Regardless, however, it is vital for the one who is IP’d stigmatized, and scapegoated to assert themselves and follow through. It is critical for them to know their truth. Often, families cannot tolerate such independence of thinking, for reasons having to do with surrender and letting go, giving others permission to have their own experience.
As the first slate in my film, Voices That Heal, says, “Stigma is born in the mindset of fear and discrimination, and occurs when social norms are challenged.” A person’s ‘different’ way of being, believing, thinking, acting, and talking is what challenges the social norms, and when hidden feelings and beliefs of others come to light, usually in the form of discrimination.
How do we respond to this challenge of our beliefs? And how do we embrace change? These are all questions we can ask ourselves, and that will bring us a higher degree of self-awareness, that can then translate into healing for all concerned, for the entire system.
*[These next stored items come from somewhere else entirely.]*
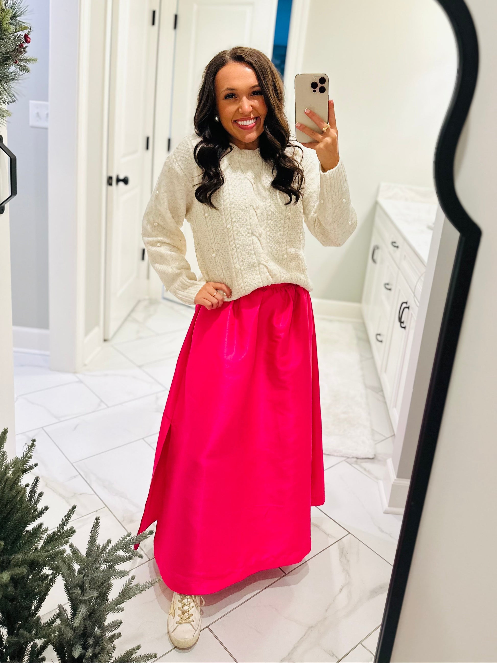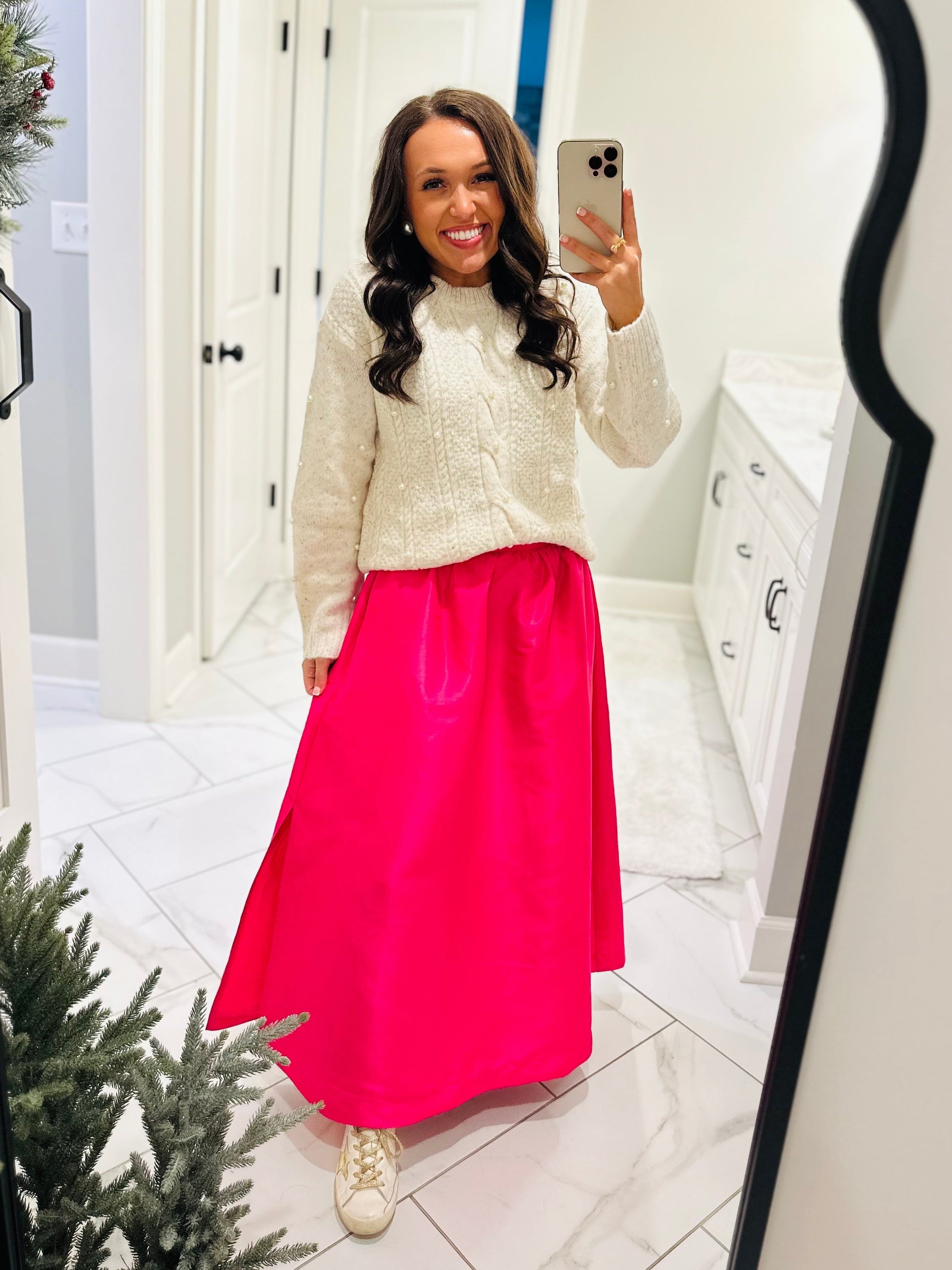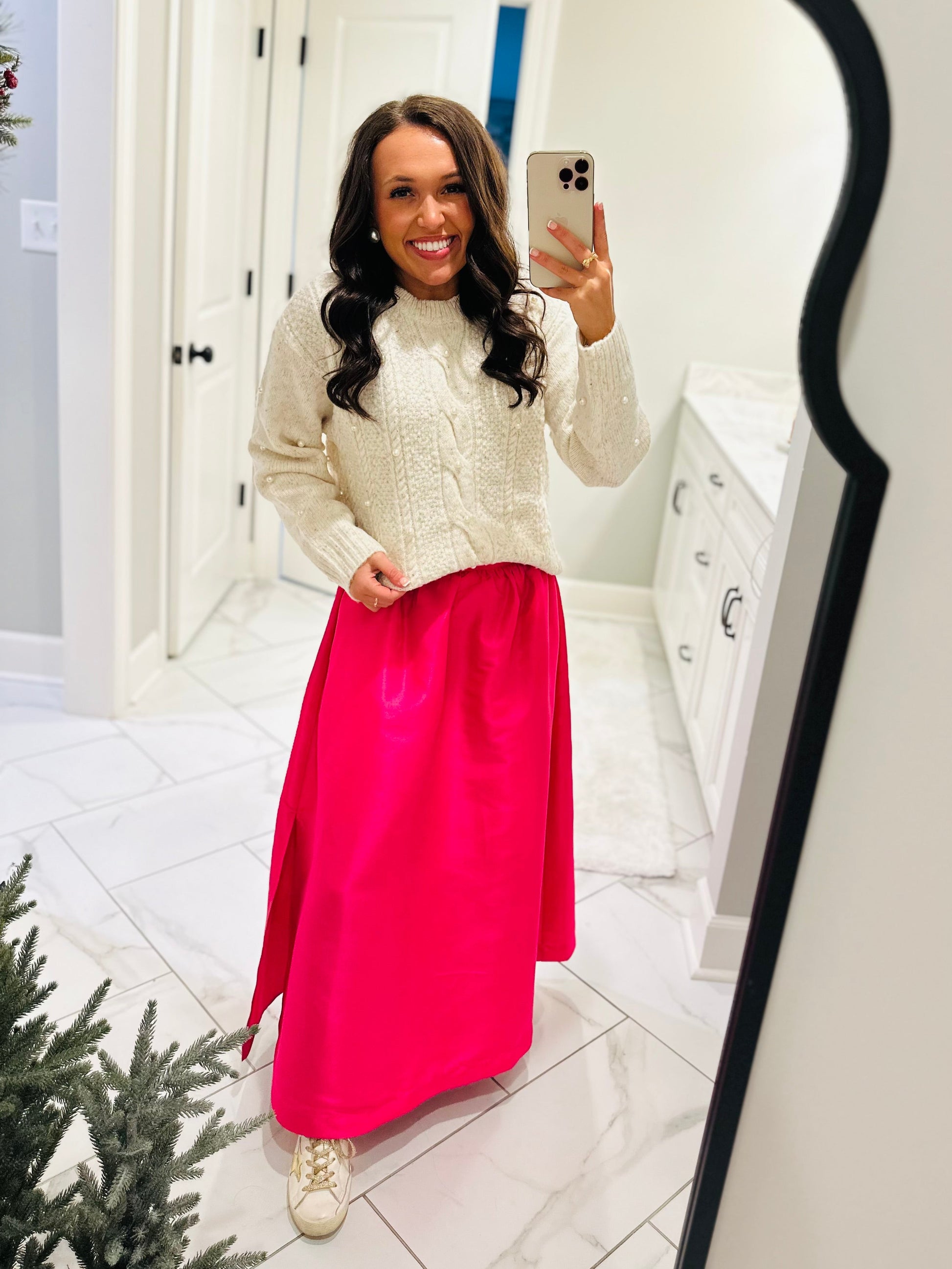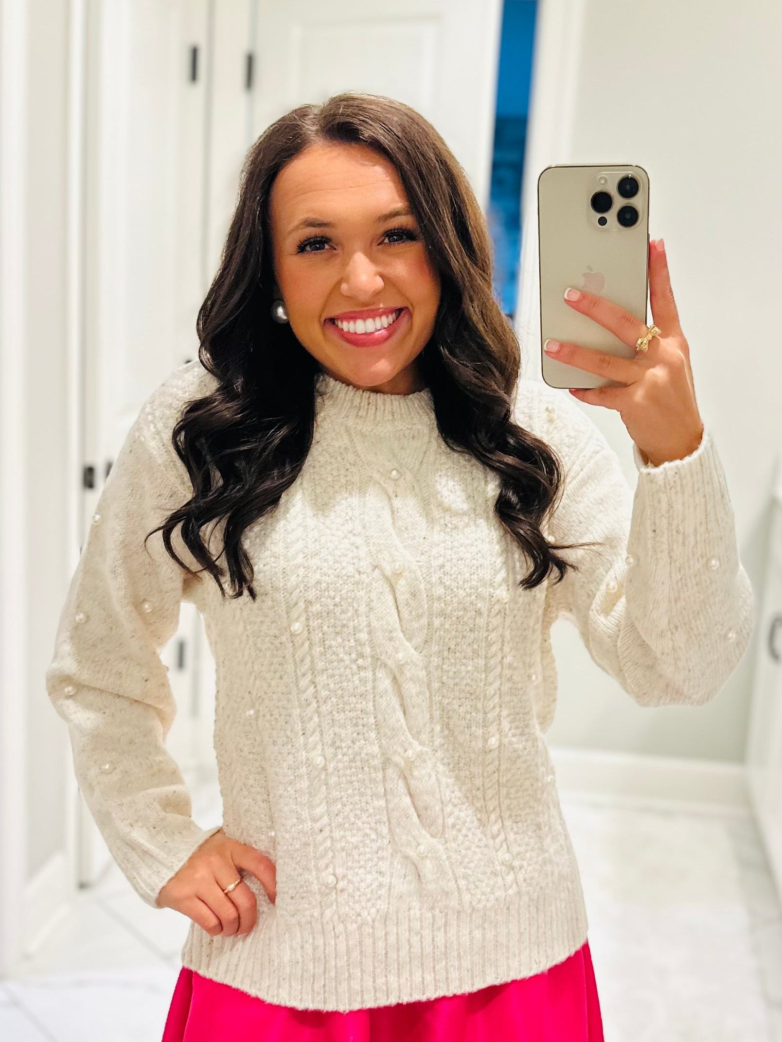 All-day compliments will be coming your way when you step out in the Wynter Pearl Sweater! This sweater features pretty pearls on a warm soft sweater with long sleeves and dropped shoulders. It has a round neckline and can be easily be paired with black denim jeans for a cute winter look.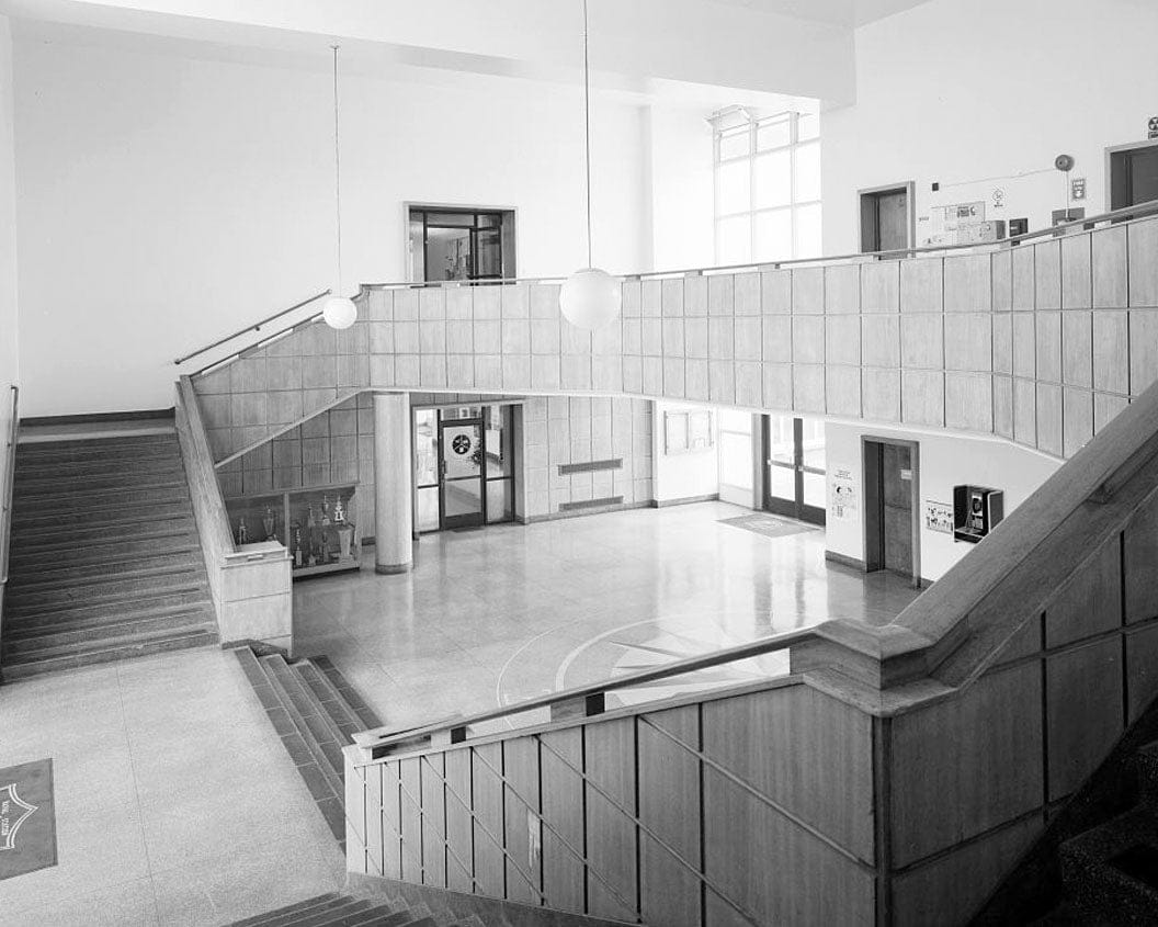 VIEW OF INTERIOR OF MAIN LOBBY, BUILDING 1, FROM INTERMEDIATE LANDING OF STAIRS FACING SOUTHWEST - Roosevelt Base, Administration & Brig Building, Bounded by Nevada & Colorado Streets, Reeves & Richardson Avenues, Long Beach, Los Angeles County, CA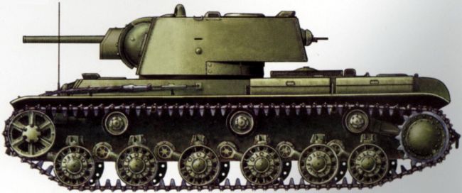 Советский тяжелый танк КВ-1 обр. 1941 г. Масса — 47 т, экипаж — 5 человек, вооружение — 76-мм пушка и 2х7,62-мм пулемета, бронирование — 75 мм, скорость — 34 км/ч, двигатель — 600 л.с., запас хода — 200 км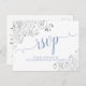 Lacy Calligraphy Light Blue on White Wedding RSVP Postcard
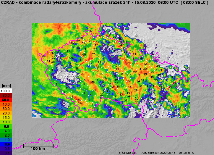 Celkové srážkové úhrny od včerejších 8:00 do dnešních 8:00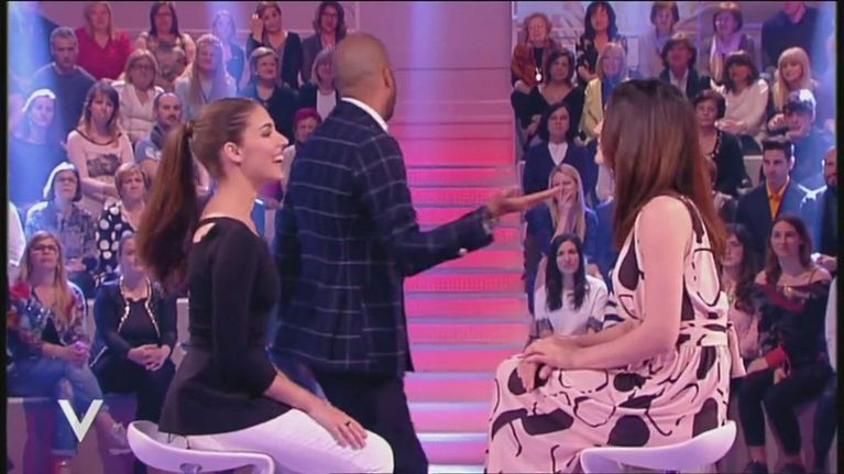 Aida Flix si diverte a rispondere alle domande del presentatore, che non può fare a meno di farle dei complimenti.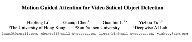 本文解读了香港大学联合中山大学和深睿医疗人工智能实验室 ICCV2019 论文《Motion Guided Attention for Video Salient Object Detection》。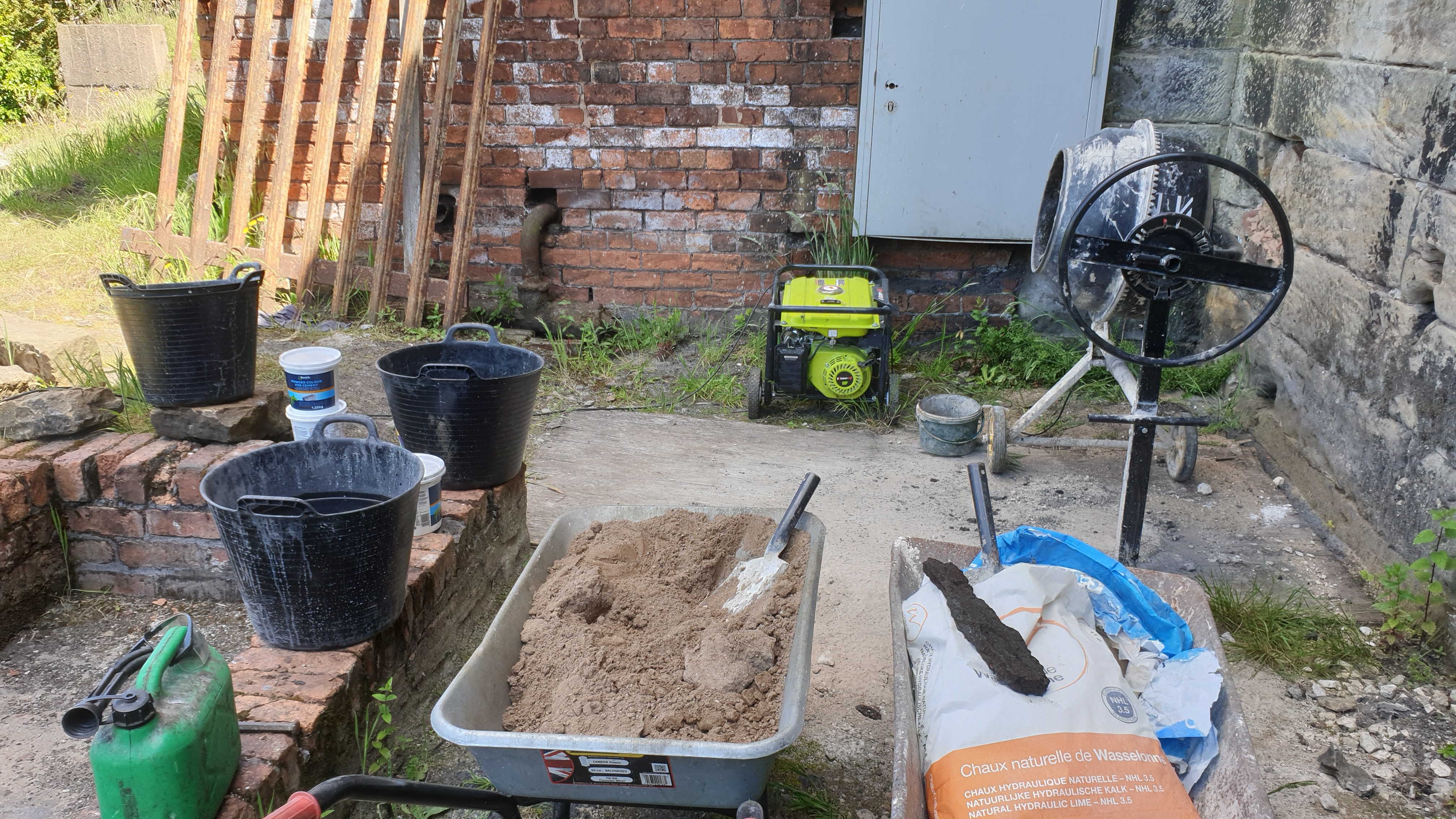 Well-trained now, the regular volunteers gathered the necessary tools and materials and lowered their ladders to start work on the lower terrace and rear retaining wall repairs. Mixer and generator fired up, the materials were soon getting ready, although a trip to the shops was necessary – not for ice-cream on this occasions, but sprinkles of another kind for the mortar colour. A ‘swatch’ of original eroded/detached material was ready to hand to get the shade just right.

I only could follow through with my healing when my partner faced himself, saw his contribution to my stress (his projections and double-binding), and finally cut the crap and shifted into his real self, rather than his defensive self. He took his queue from my healing, and now I am his teacher and guide. He loves it, feels well cared for and partnered with.
Takes two to tango, and it takes more than one person to create what we are calling ‘mental illness,’ ‘psychosis,’ whatever. I think it comes more from people driving other people crazy, literally, rather than from isolation. People can exist very peacefully in solitude, if they are comfortable with themselves.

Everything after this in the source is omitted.